Content starts
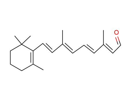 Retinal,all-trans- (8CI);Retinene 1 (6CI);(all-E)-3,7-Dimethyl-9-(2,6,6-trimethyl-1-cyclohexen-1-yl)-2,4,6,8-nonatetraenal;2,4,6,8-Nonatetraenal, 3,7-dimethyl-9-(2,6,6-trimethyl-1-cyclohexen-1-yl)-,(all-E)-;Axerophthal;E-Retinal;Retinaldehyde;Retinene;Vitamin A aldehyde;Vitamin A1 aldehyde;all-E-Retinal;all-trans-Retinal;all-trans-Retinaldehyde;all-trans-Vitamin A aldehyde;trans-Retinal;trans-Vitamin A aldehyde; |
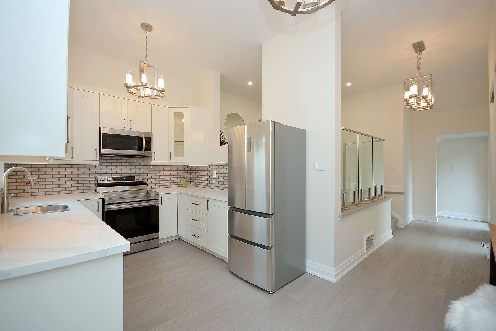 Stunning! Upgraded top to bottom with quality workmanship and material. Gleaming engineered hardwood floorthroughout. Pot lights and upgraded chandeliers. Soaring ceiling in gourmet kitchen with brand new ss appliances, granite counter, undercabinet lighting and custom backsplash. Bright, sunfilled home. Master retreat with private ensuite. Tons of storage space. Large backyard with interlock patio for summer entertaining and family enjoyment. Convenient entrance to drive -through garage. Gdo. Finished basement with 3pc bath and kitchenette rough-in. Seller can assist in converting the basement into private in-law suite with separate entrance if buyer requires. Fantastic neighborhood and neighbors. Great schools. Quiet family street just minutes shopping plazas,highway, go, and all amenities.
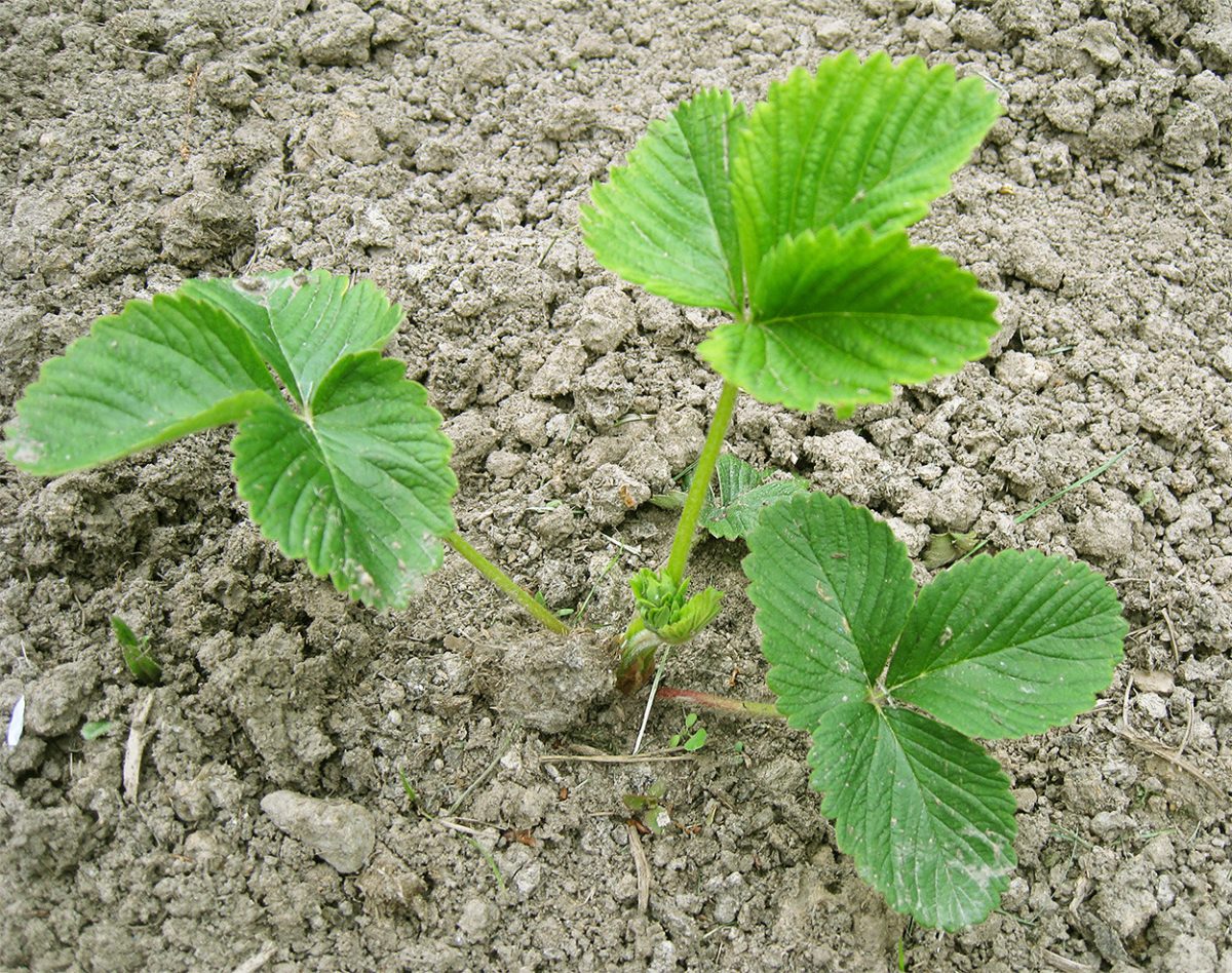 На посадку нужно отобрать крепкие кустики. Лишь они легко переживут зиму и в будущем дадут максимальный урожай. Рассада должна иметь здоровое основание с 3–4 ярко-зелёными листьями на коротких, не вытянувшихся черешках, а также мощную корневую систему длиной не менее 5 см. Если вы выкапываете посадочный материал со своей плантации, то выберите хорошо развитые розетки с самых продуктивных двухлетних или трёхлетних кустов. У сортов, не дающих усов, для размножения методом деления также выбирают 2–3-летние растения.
Content ends
- [Exercise aim]
Retype the listing above exactly. Pictures are not part of the copy.

- [Output below]
 Retinal,all-trans- (8CI);Retinene 1 (6CI);(all-E)-3,7-Dimethyl-9-(2,6,6-trimethyl-1-cyclohexen-1-yl)-2,4,6,8-nonatetraenal;2,4,6,8-Nonatetraenal, 3,7-dimethyl-9-(2,6,6-trimethyl-1-cyclohexen-1-yl)-,(all-E)-;Axerophthal;E-Retinal;Retinaldehyde;Retinene;Vitamin A aldehyde;Vitamin A1 aldehyde;all-E-Retinal;all-trans-Retinal;all-trans-Retinaldehyde;all-trans-Vitamin A aldehyde;trans-Retinal;trans-Vitamin A aldehyde; |
 Stunning! Upgraded top to bottom with quality workmanship and material. Gleaming engineered hardwood floorthroughout. Pot lights and upgraded chandeliers. Soaring ceiling in gourmet kitchen with brand new ss appliances, granite counter, undercabinet lighting and custom backsplash. Bright, sunfilled home. Master retreat with private ensuite. Tons of storage space. Large backyard with interlock patio for summer entertaining and family enjoyment. Convenient entrance to drive -through garage. Gdo. Finished basement with 3pc bath and kitchenette rough-in. Seller can assist in converting the basement into private in-law suite with separate entrance if buyer requires. Fantastic neighborhood and neighbors. Great schools. Quiet family street just minutes shopping plazas,highway, go, and all amenities.
 На посадку нужно отобрать крепкие кустики. Лишь они легко переживут зиму и в будущем дадут максимальный урожай. Рассада должна иметь здоровое основание с 3–4 ярко-зелёными листьями на коротких, не вытянувшихся черешках, а также мощную корневую систему длиной не менее 5 см. Если вы выкапываете посадочный материал со своей плантации, то выберите хорошо развитые розетки с самых продуктивных двухлетних или трёхлетних кустов. У сортов, не дающих усов, для размножения методом деления также выбирают 2–3-летние растения.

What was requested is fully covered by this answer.